The commitment covers two investments of $30 million each to Vantage Mezzanine Fund IV, which is managed by Vantage Capital, and a cornerstone investment in BluePeak Private Capital Fund I, the maiden fund of BluePeak.

These commitments will enable the fund managers to increase credit supply to mid-market African companies by providing countercyclical mezzanine funding that is bespoke and meets the market need.

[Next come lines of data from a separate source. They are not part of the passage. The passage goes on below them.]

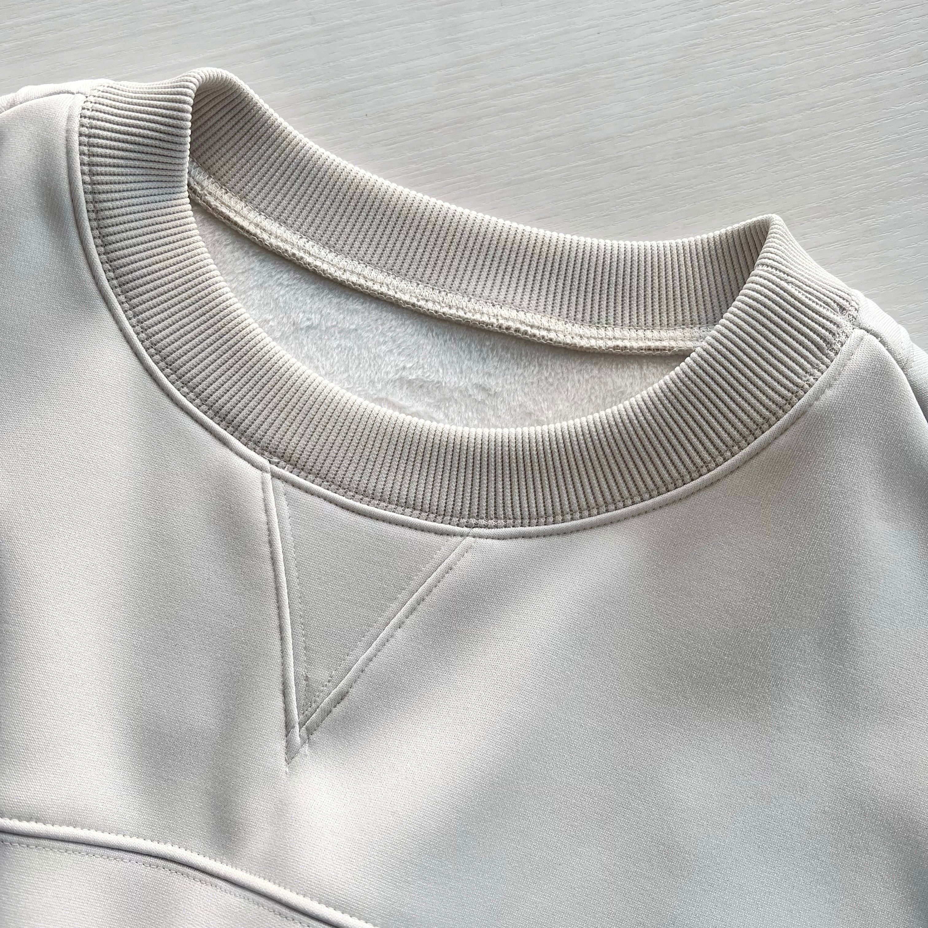ネックと袖口はリブ素材に切り替え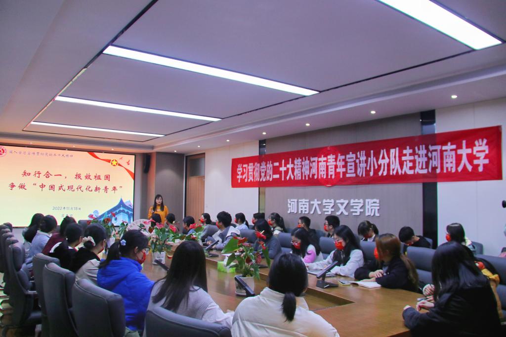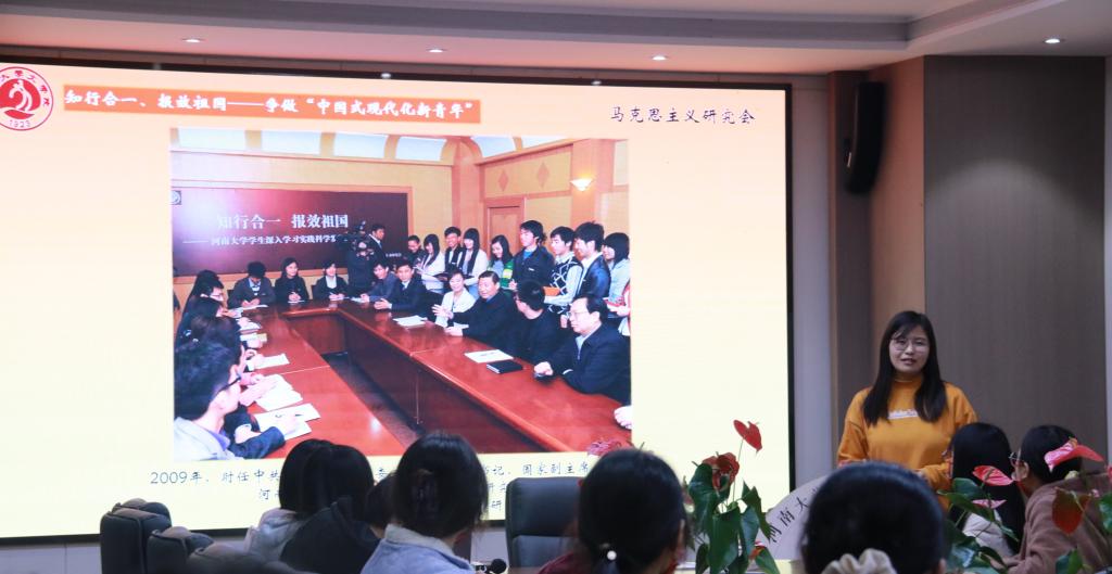 为深入学习宣传贯彻党的二十大精神,11月18日晚,河南省示范青年宣讲小分队成员、太阳集团tyc5997团委书记苏亚丽在太阳集团tyc5997209会议室为马克思主义研究会作题为《知行合一、报效祖国,争做“中国式现代化新青年”》的首场理论宣讲。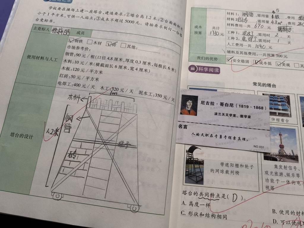 不管是出于设计层面,还是绘画技巧,孩子们的这些设计都略显青涩,毕竟五年级《船的研究》这一单元没有系统地学过,工程思维还没开发过,对于他们的作品应该给予更多的肯定,我就给一些态度好的同学附赠科学家卡片,希望能保持他们持续研究的动力!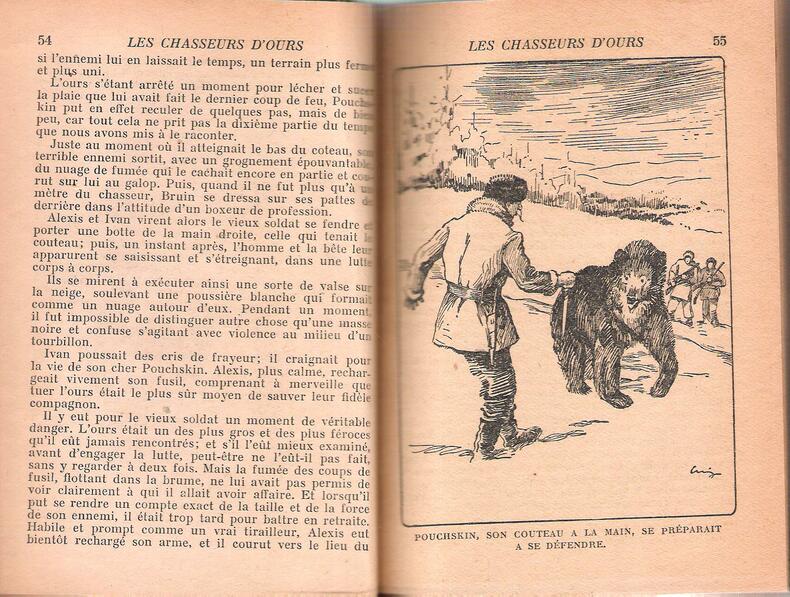 sd, Librairie Hachette, in-8 cartonné de 340 pages, couverture toilée rouge, titrage doré et décors dorés sur le dos et le 1er plat, Bibliothèque rose illustrée - Bruin les chasseurs d'ours, traduit de l'anglais avec l'autorisation de l'auteur par A. Letellier, ouvrage illustré de 8 vignettes | Etat : bon état, coins et coiffes un peu frottés (Ref.: ref88721)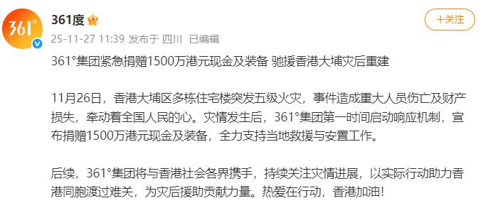 361° 集团紧急捐赠 1500 万港元现金及装备 驰援香港大埔灾后重建。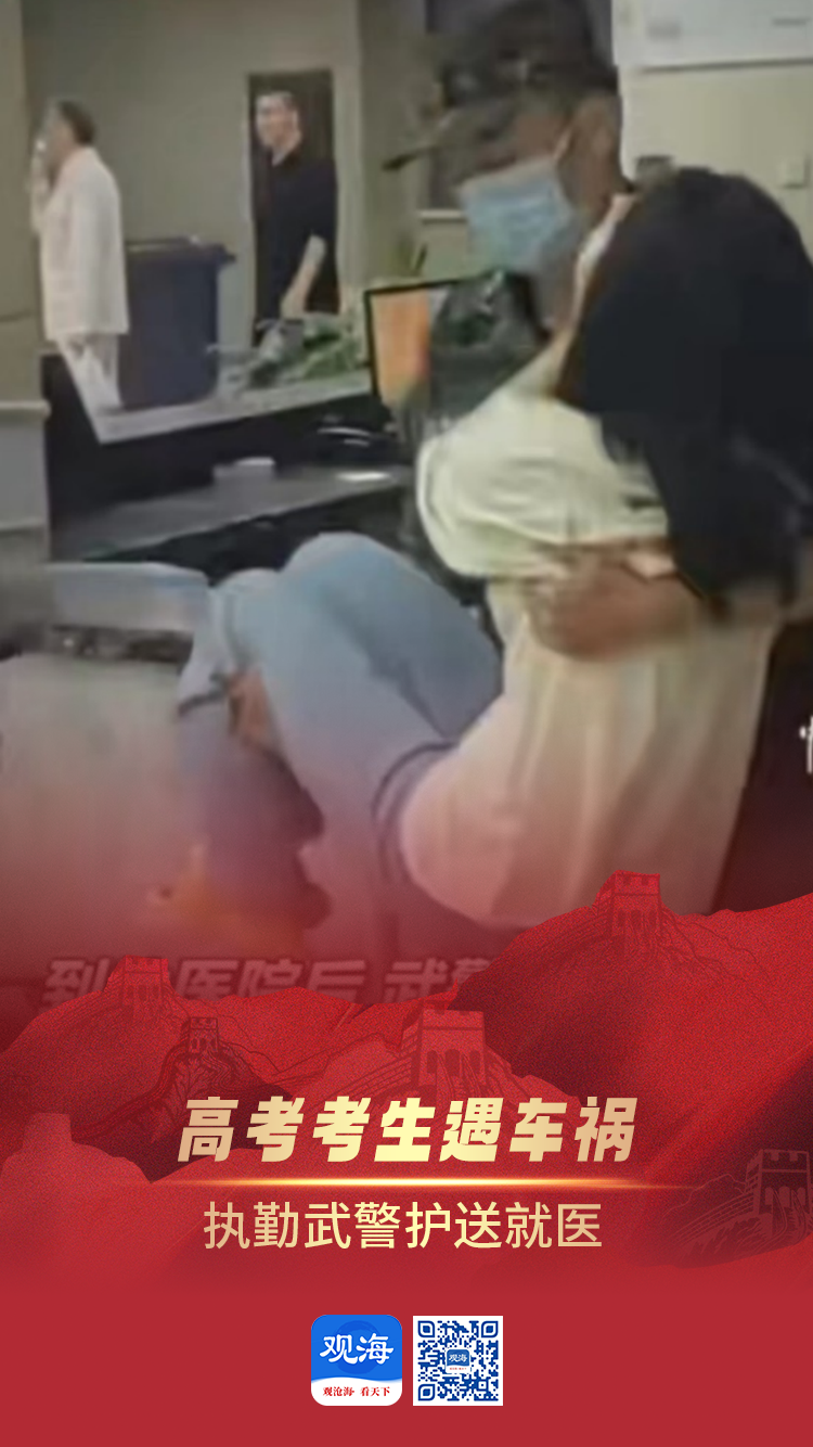 6月9日,重庆一高考考生回家途中遭遇车祸,头部受伤,附近执勤的武警官兵发现情况后紧急护送受伤考生前往医院救治。到达医院后,武警官兵迅速与医护人员对接。经治疗,该考生顺利参加了后续考试。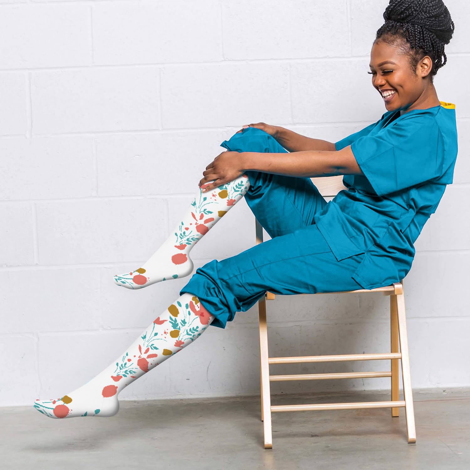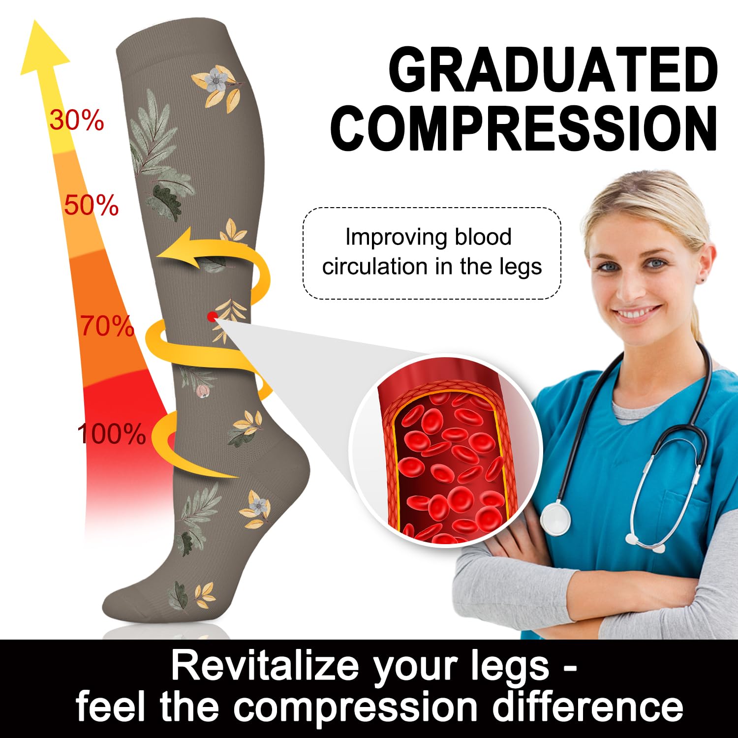 🆕 SUPERIOR FIT AND COMFORT -- Our compression socks now feature a premium nylon content increased from 40% to 85%, offering unparalleled 360-degree stretch for enhanced flexibility and durability. These socks provide snug, form-fitting support, ensuring comfort and stability throughout your day, whether you're at the office, hitting the gym, or on a long flight.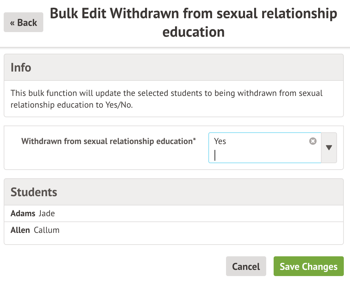 - You cannot bulk update students who have left from here - you will need to use their student profile.

Vantage Capital, a South African multi-asset alternative investment fund manager, had marked the first close of its fourth mezzanine fund with commitments of $207 million from European and US-based commercial investors two months ago. Development finance institutions including International Finance Corporation, CDC and Switzerland’s SIFEM also pitched in. IFC itself had committed $25 million to the fund.

Vantage Mezzanine Fund IV, which has a target of $350 million, will chase mid-sized African businesses with flexible capital.

Africa-focussed alternative asset management firm BluePeak Private Capital has also hit the first close of its maiden $200 million credit fund.
BluePeak, headquartered in the Tunisian capital of Tunis, made the first close in May at just over $100 million.

CDC said its private credit fund strategy aims to address a significant credit market dislocation and mid-market financing gap, a situation that has intensified by the Covid-19 crisis.

The strategy also aims to have a signalling effect by attracting more commercial investors to African markets. This will, in turn, help to develop reliable, long-term private debt platforms that can facilitate economic growth, employment and sustainable development throughout the continent, CDC said.

“Businesses in Africa often face significant challenges in gaining access to funding and the pandemic has further tightened the availability of capital in these markets,” said Jo Fry, investment director and head of intermediated credit at CDC.

Fry said that development of the private credit fund sector can fill a funding gap with debt capital for medium-sized enterprises whose financing needs are of a size that excludes them from accessing credit from traditional banks.